Copy only what lies from the line containing "В качестве математической" through the line containing "Kệ hoa sử dụng" in the entries below, keeping both end lines exact and dropping every picture.

**Provided information:**
>>>
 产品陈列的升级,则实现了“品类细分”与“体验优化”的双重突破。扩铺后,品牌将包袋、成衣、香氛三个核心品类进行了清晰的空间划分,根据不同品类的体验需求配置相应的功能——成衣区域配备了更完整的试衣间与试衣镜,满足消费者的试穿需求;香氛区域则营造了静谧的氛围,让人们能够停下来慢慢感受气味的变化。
<<<
>>>
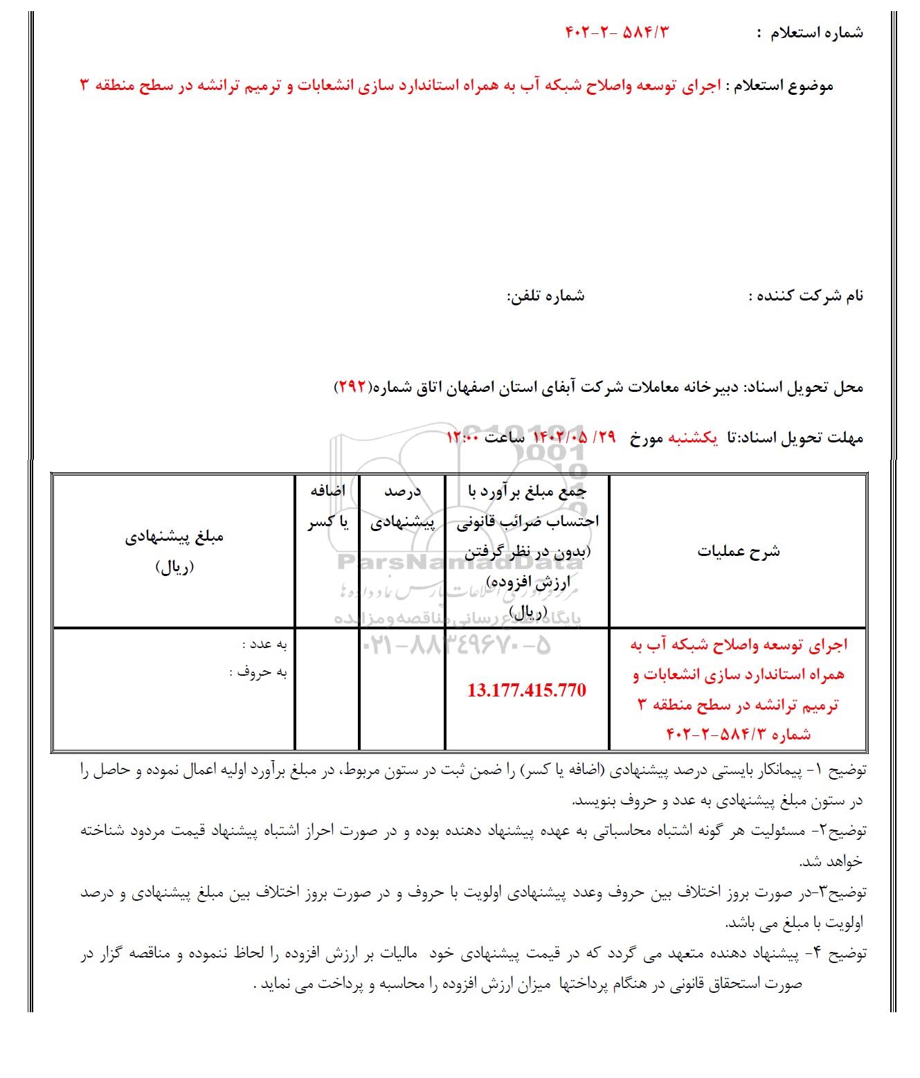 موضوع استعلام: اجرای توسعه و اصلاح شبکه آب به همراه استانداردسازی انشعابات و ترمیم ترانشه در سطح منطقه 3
<<<
>>>
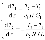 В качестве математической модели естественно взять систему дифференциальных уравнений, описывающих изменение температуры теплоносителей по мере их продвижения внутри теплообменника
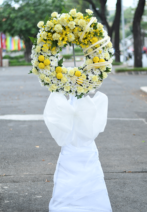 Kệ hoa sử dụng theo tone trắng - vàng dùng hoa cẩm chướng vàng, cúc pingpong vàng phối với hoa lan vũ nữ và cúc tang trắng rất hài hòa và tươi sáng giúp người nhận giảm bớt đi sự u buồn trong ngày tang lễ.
<<<
**Exercise response:**
 В качестве математической модели естественно взять систему дифференциальных уравнений, описывающих изменение температуры теплоносителей по мере их продвижения внутри теплообменника
 Kệ hoa sử dụng theo tone trắng - vàng dùng hoa cẩm chướng vàng, cúc pingpong vàng phối với hoa lan vũ nữ và cúc tang trắng rất hài hòa và tươi sáng giúp người nhận giảm bớt đi sự u buồn trong ngày tang lễ.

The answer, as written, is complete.